Quote exactly the lines from the one with "Yellow Spaghetti Straps" to the end of the data, both included; omit the pictures.

[[ Entries supplied open ]]

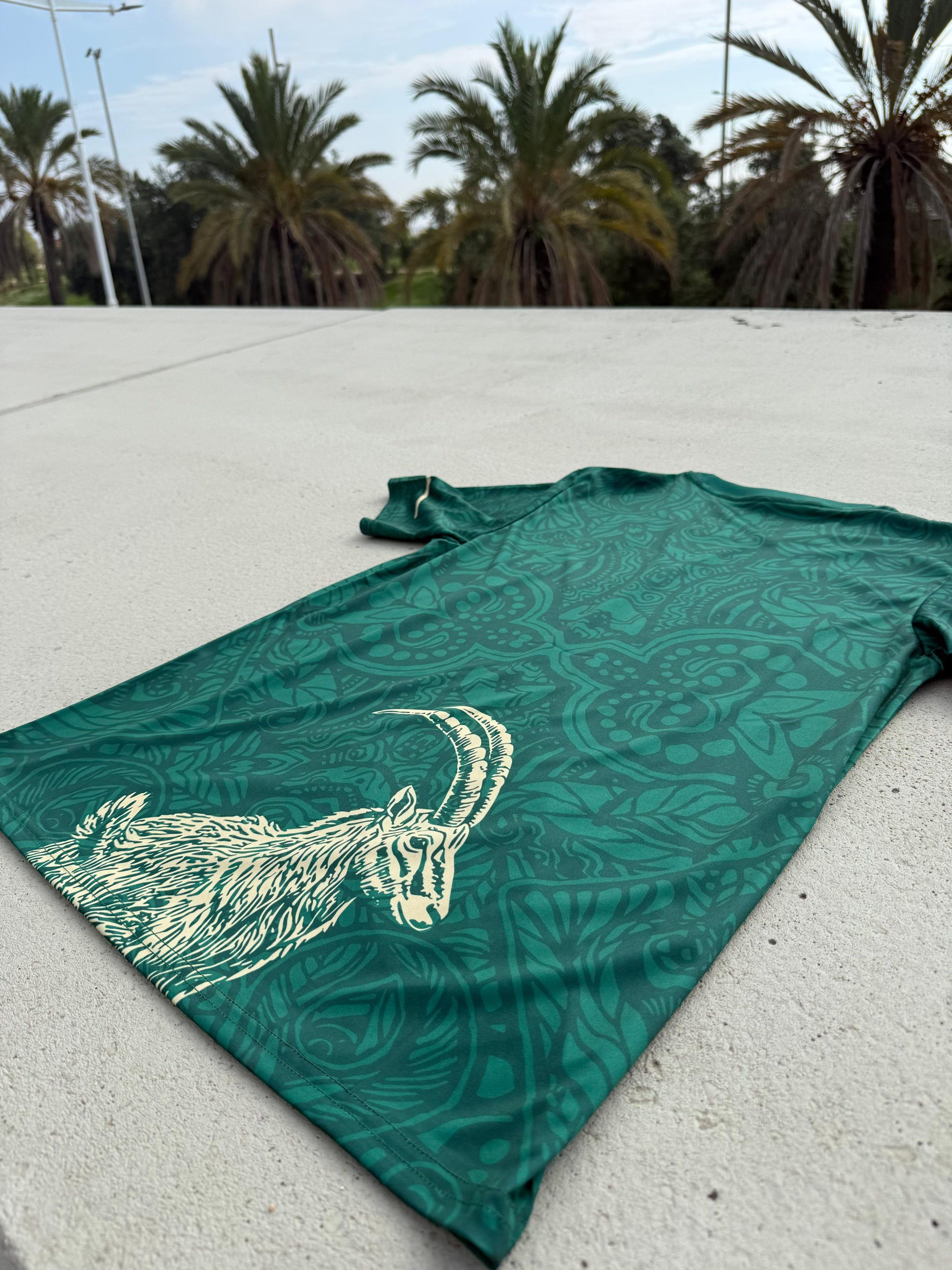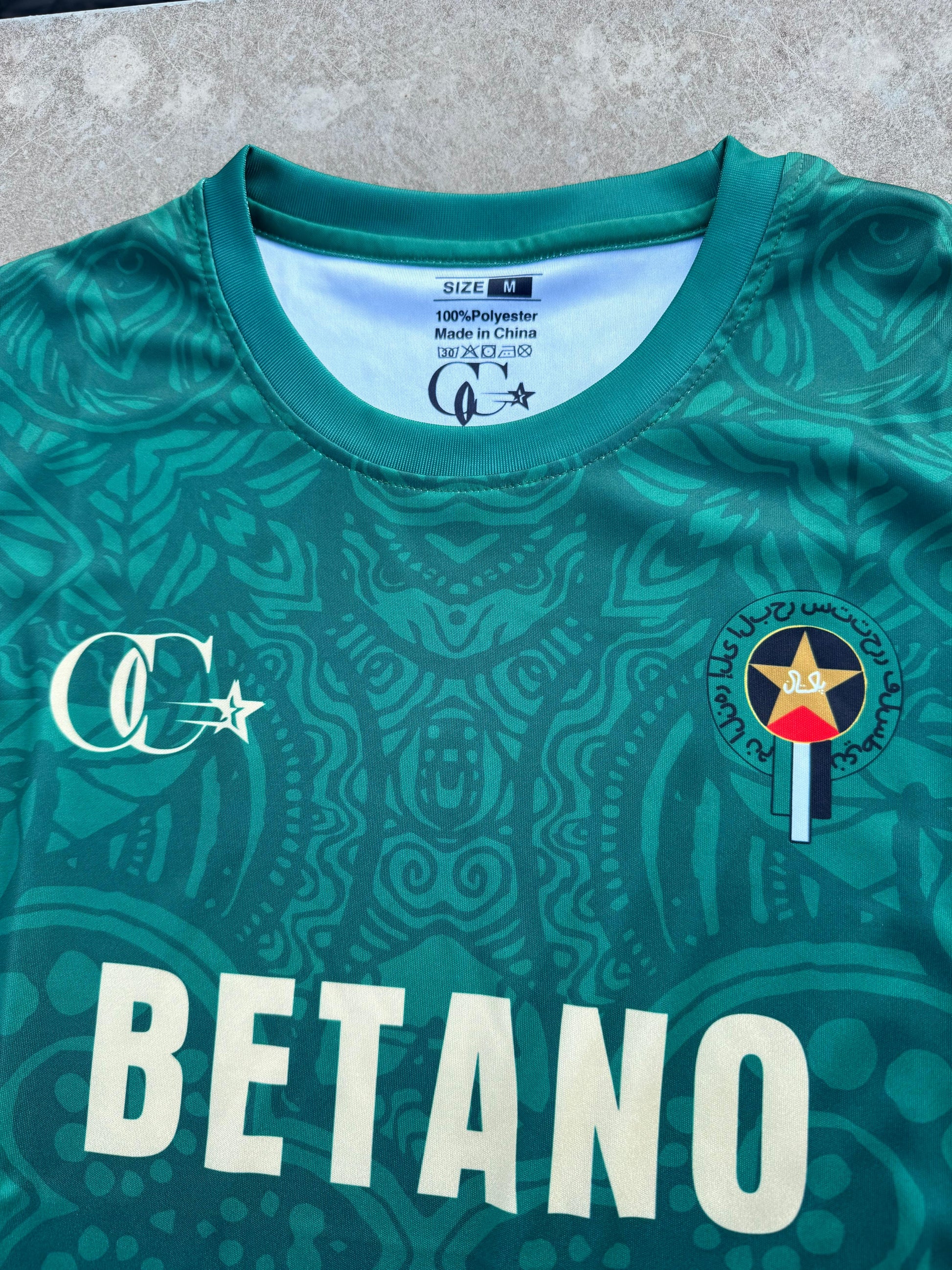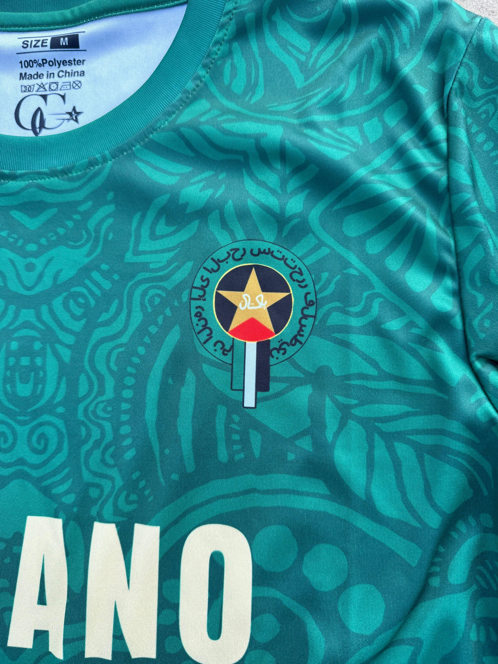 This jersey is inspired by Pakistan’s rich culture and natural heritage, featuring the iconic markhor—the national animal of Pakistan—illustrated on the back to symbolize strength and resilience. The deep green design is enhanced with traditional patterns and gold details, reflecting elegance and identity. On the chest, the badge blends Palestinian and Pakistani elements, representing solidarity and unity between both nations. Each detail offers a unique story, making this a meaningful garment that connects sport, culture, and international friendship.
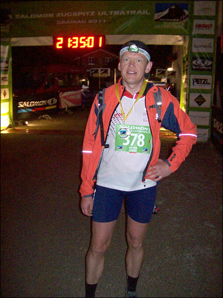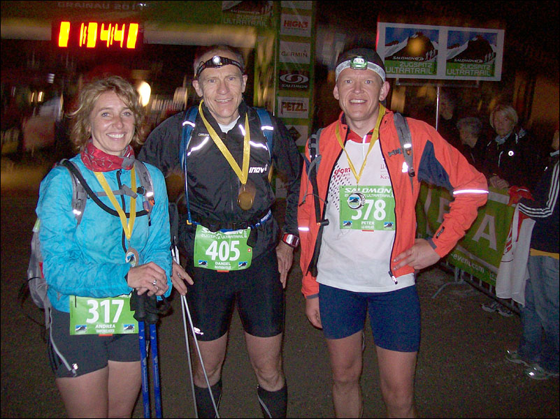 Für die restlichen 5.3 Km brauchte ich fast eine Stunde. Die Bergabpassage nach Grainau, die uns jetzt bevorstand überbot alles vorherige. Es hatte angefangen zu nieseln, der Boden war sehr rutschig. Steinige Schotterpassagen und glatter Boden wechselten auf ellenlangen Kehren ab. Endlich war der letzte Streckenposten der Bergwacht im Schein eines Lagerfeuers erreicht. Ein letztes Mal wurde meine Startnummer notiert; 349 und dann ging es auf den lang ersehnten Asphalt durch Grainau zum Ziel im Musikpavillon im Kurpark. Die letzten 1,5 Km konnte ich noch laufen. Ich überholte sogar noch drei Läufer. Als ich auf den Musikpavillon zulief hörte ich das Geläut der Kuhglocken, mit dem jeder Läufer begrüßt wurde. Ich konnte noch die Arme hochreißen, um mich über meinen Sieg über mich selbst zu freuen. Mein Name wurde genannt und die Finisher-Medaille wurde mit umgehängt. Ich war überglücklich. Ich genoss dieses Gefühl, diesen Lauf heil und wohlbehalten überstanden zu haben; Nr. 351 in einer langen Wettkampfliste; aber einer der wenigen Läufe, die mich physisch und psychisch so total gefordert haben. Eine Grenzerfahrung, die ich nicht missen möchte.
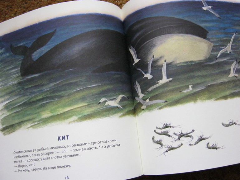 Всегда удивляюсь тому, как дети слушают книгу Кто в море живет - ведь вроде бы и читать особенно нечего- несколько строчек на странице, и иллюстрации темные, надо было их на меловке печатать, они были бы изумительными. Дети же слушают как роман про графа Монте-Кристо.
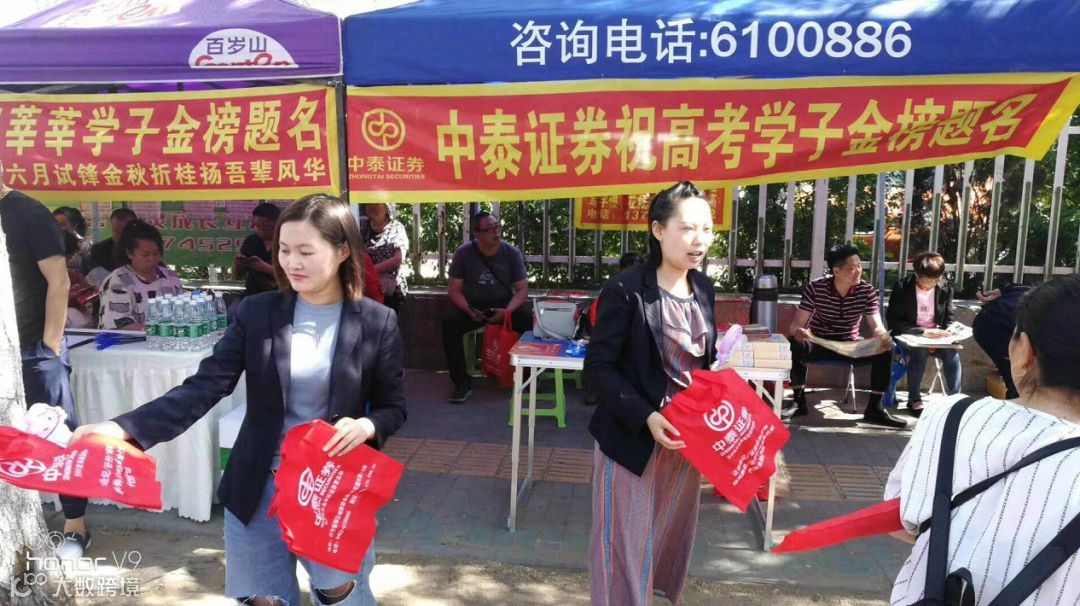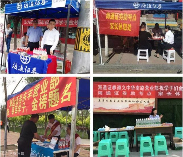 中泰证券的分支机构在各个考点前搭建驻点,为考生和家长提供服务。
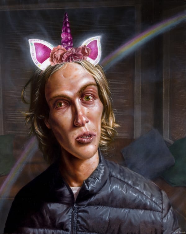 Warts and all, morphed into changing and evolving sitters in a stationary manner, though depicted in old master oil painting techniques, the relativity, familiarity and polished rawness of Sara’s work is unmatched!
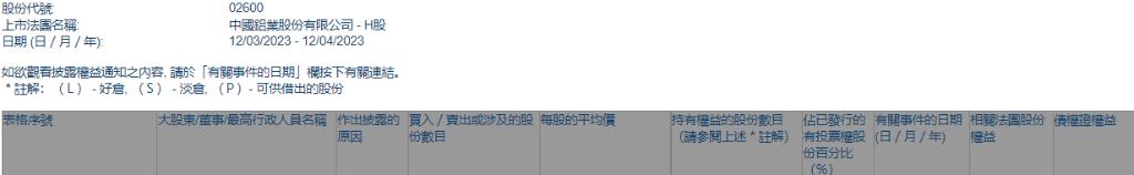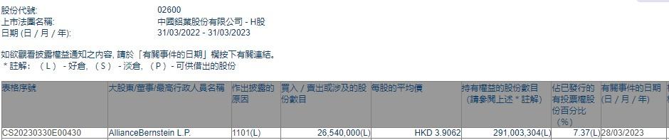 AllianceBernstein L.P.增持中国铝业(02600)704万股 每股作价约3.93港元
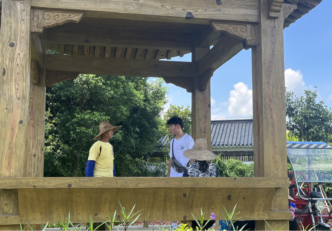 图为实践队员向当地绿化工人了解村内绿化情况,以及其主要工作内容。中国青年网通讯员 李青青 供图
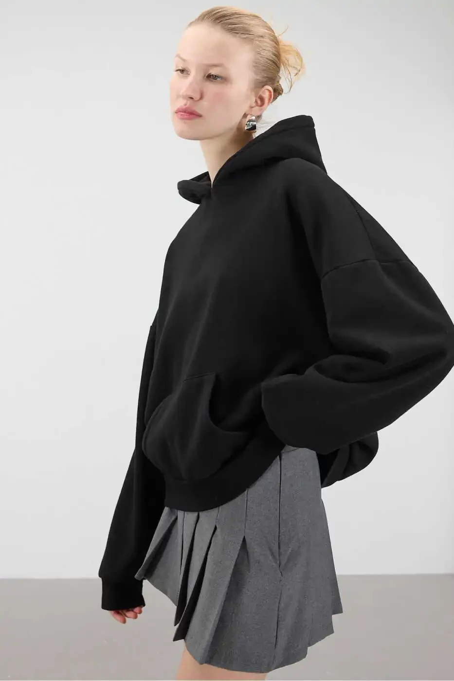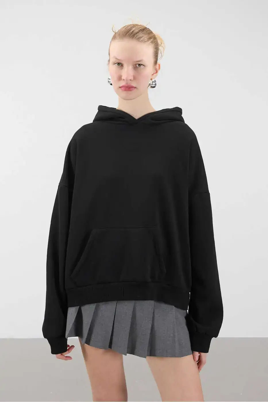 Catch the perfect harmony of comfort and style with the Addax Hooded Fleece Basic Sweatshirt S1596-K5. This sweatshirt is an ideal option for your daily use and is a candidate to be an indispensable part of your wardrobe. Its hooded design keeps you warm in cold weather, while its oversized cut offers comfortable use. The dropped shoulder detail provides a modern and trendy look, while the rib details on the cuffs and hem help the sweatshirt maintain its shape and create a stylish stance. The kangaroo pocket is both a useful detail and adds a sporty touch to the design.With its fleece interior, meaning a soft, fluffy texture, this sweatshirt leaves a comfortable feeling on you all day long. This soft texture that gently touches your skin keeps you warm on cold winter days. Thanks to its basic design, you can make different combinations and complete both your sporty and daily elegance. You can easily combine this sweatshirt with jeans, leggings or tracksuits, allowing you to reflect your style.The product's 70% cotton and 30% polyester blend fabric offers both durability and comfort. Cotton allows your skin to breathe, while polyester contributes to the fabric's longer lifespan. In this way, you can enjoy your sweatshirt for a long time. Colors may vary due to light differences in product shooting, so we recommend that you carefully examine the product photos before ordering. The Addax Hooded Fleece Basic Sweatshirt S1596-K5 is the perfect choice for women who care about both comfort and style. Enjoy comfort without sacrificing your style during your daily activities, weekend getaways or while relaxing at home. This sweatshirt will be one of the most loved pieces in your wardrobe.
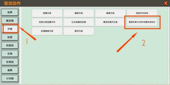 7、事件条件都设置好了,最后还差的就是动作。动作就是发生了什么,没有动作触发器就是无法执行的状态。点击动作后面的加号,添加动作里面在方框里找到,复制区域内的方块并放置在指定点。
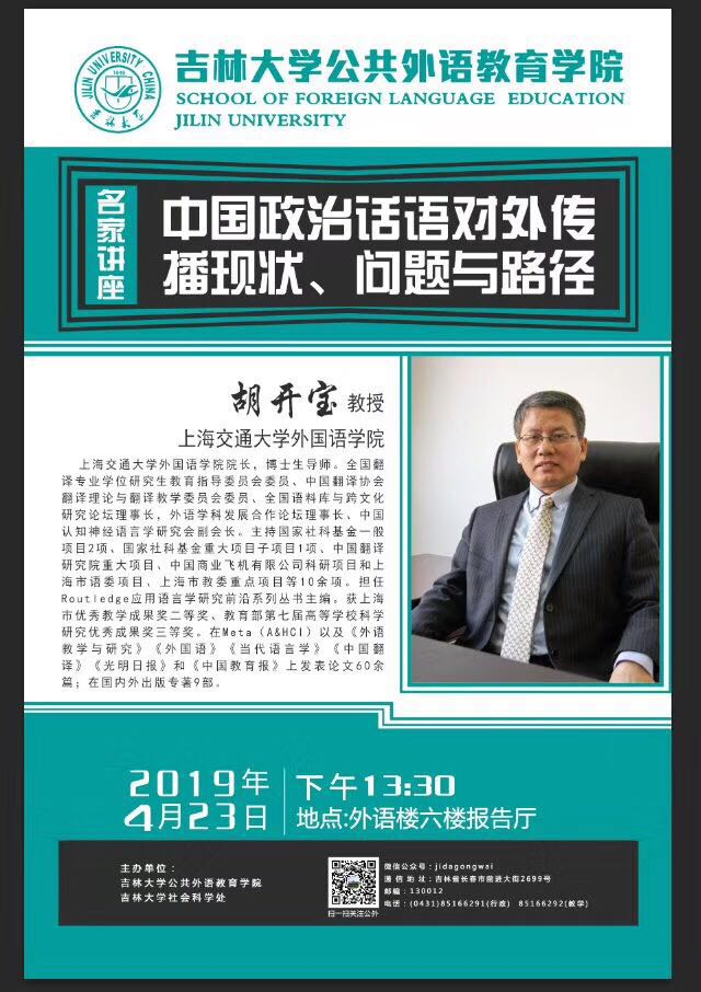 报告题目:中国政治话语对外传播:现状、问题与路径报 告 人:胡开宝 教授 上海交通大学外国语学院 院长讲座时间:2019年4月23日下午13:30讲座地点:中心校区外语楼六楼报告厅主办单位:米兰体育平台 吉林大学社会科学处
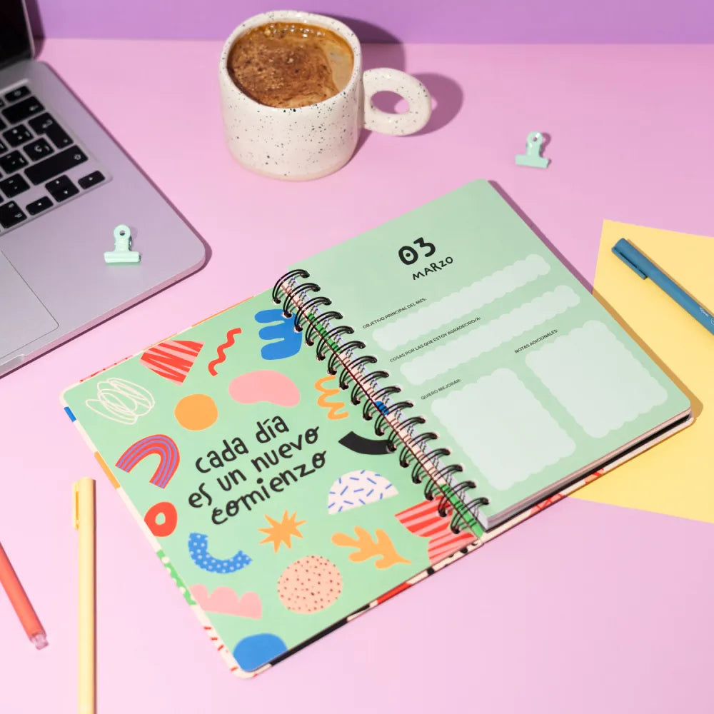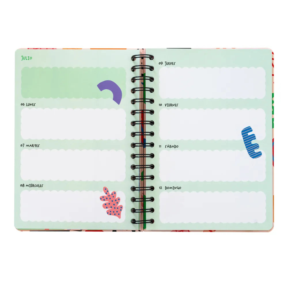 De agenda is niet alleen prachtig vormgegeven, maar ook bijzonder praktisch. Bovendien: dankzij de wire-o binding, gepersonaliseerd binnenwerk en creatieve extra’s zoals stickers en boekenleggers, is deze agenda een functioneel sieraad voor elke tas of bureau.
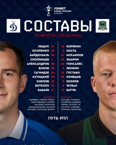 "Динамо" и "Краснодар" объявили составы на игру Пути РПЛ
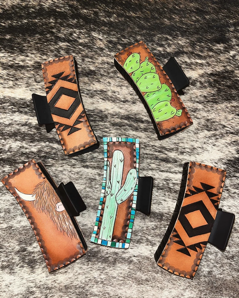 Western Vintage Cowgirl Style Leather Large Grab Clip for Cowgirl Mother Gift Cactus Design Acrylic Hair Claw Accessories
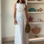 De Sabelle Bloesem Elegant Maxi Jurk straalt pure gratie uit. Met verfijnde kanten bloemdetails, een mooi aansluitend lijfje en een sierlijke lange rok is deze jurk perfect voor bruiloften, tuinfeesten of andere speciale gelegenheden. Licht en verfijnd – met Isabelle voel je je net zo mooi als je eruitziet.
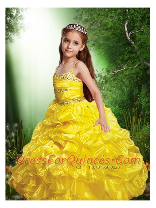 Yellow Spaghetti Straps Beading Little Girl Pageant Dress with Ruffle for 2014
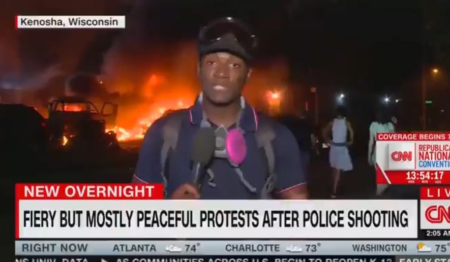 ABCNNBCBS AssPost-Times is an abstraction of the wholly owned DNC subsidiary responsible for being advocates and repeaters, not reporters, for those who are cemented to the nation’s former capital. ABC, CNN, NBC and CBS, plus Washington Post and the NY Times and of course the AP carry the water, revising history on the fly, even as you watch the chyrons across the screen. Speaking of chyrons, one of the most imbecilic and ironic goes back to August 20, 2020 in Kenosha with a “reporter” telling us how peaceful things are as the city burns behind him.
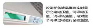 设备内置电压监测仪,充电时,电压监测实时探测充电电压值,该值出厂前经过校准,误差率小于1%,由于充电电压值的高低直接影响到消磁场强的强度,因此,必须对充电电压进行监控,确保充电电压值达到一定高度。
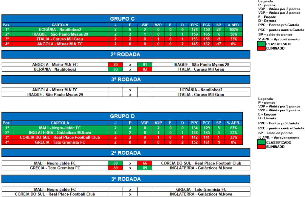 COPA DO MUNDO SOCAMPEONATOS – FASE DE GRUPOS – RODADA 2
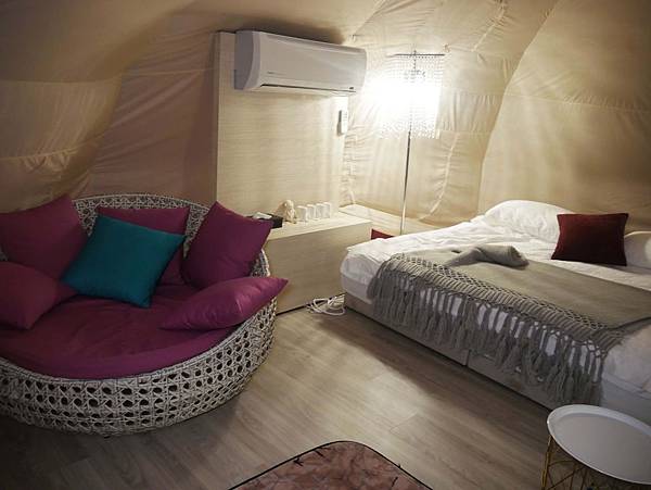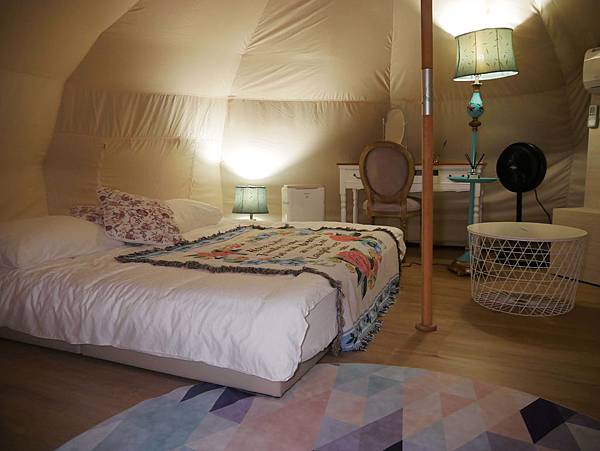 白色帳篷的內部陳設非常夢幻漂亮,

[[ Entries supplied closed ]]

■ Completed exercise ■
 Yellow Spaghetti Straps Beading Little Girl Pageant Dress with Ruffle for 2014
 ABCNNBCBS AssPost-Times is an abstraction of the wholly owned DNC subsidiary responsible for being advocates and repeaters, not reporters, for those who are cemented to the nation’s former capital. ABC, CNN, NBC and CBS, plus Washington Post and the NY Times and of course the AP carry the water, revising history on the fly, even as you watch the chyrons across the screen. Speaking of chyrons, one of the most imbecilic and ironic goes back to August 20, 2020 in Kenosha with a “reporter” telling us how peaceful things are as the city burns behind him.
 设备内置电压监测仪,充电时,电压监测实时探测充电电压值,该值出厂前经过校准,误差率小于1%,由于充电电压值的高低直接影响到消磁场强的强度,因此,必须对充电电压进行监控,确保充电电压值达到一定高度。
 COPA DO MUNDO SOCAMPEONATOS – FASE DE GRUPOS – RODADA 2
 白色帳篷的內部陳設非常夢幻漂亮,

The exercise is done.